Task requirements
The expected output is every line of the data exactly as shown, minus the images.

Dataset section

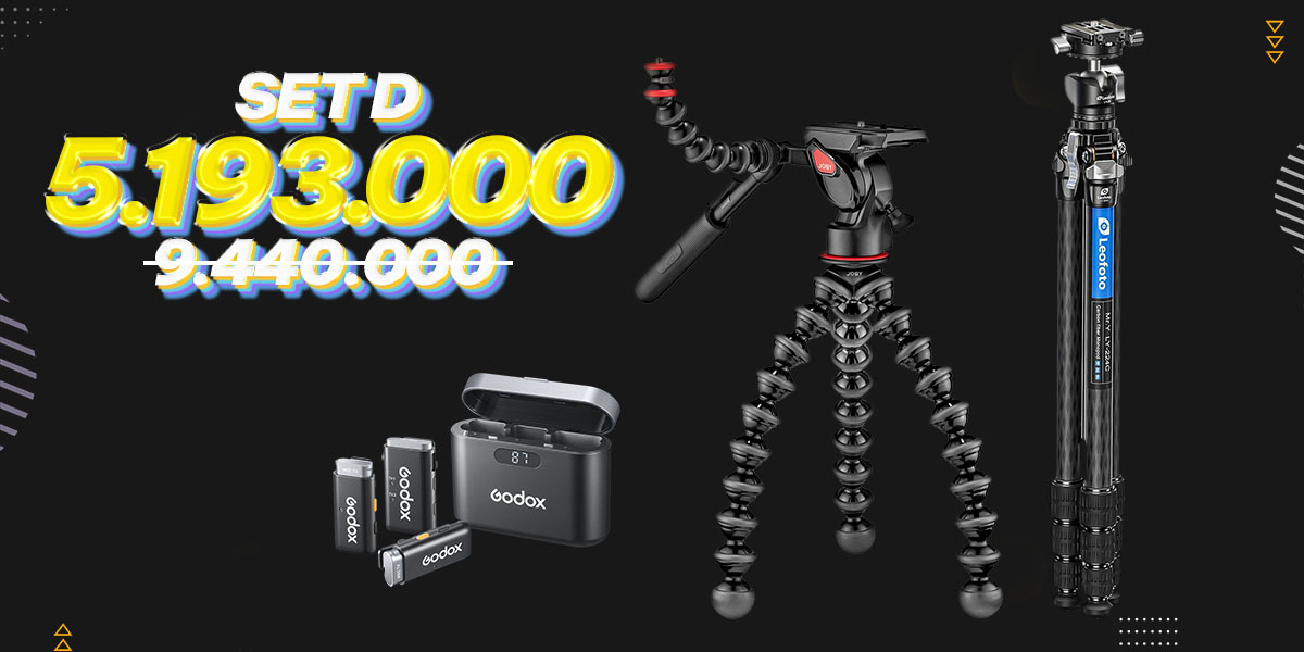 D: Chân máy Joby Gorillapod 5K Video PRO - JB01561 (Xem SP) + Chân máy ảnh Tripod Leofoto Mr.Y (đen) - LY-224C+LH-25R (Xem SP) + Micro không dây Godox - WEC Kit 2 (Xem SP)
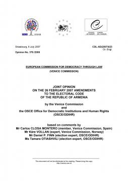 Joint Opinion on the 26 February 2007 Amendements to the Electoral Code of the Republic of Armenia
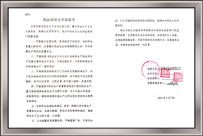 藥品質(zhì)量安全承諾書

Answer below
 D: Chân máy Joby Gorillapod 5K Video PRO - JB01561 (Xem SP) + Chân máy ảnh Tripod Leofoto Mr.Y (đen) - LY-224C+LH-25R (Xem SP) + Micro không dây Godox - WEC Kit 2 (Xem SP)
 Joint Opinion on the 26 February 2007 Amendements to the Electoral Code of the Republic of Armenia
 藥品質(zhì)量安全承諾書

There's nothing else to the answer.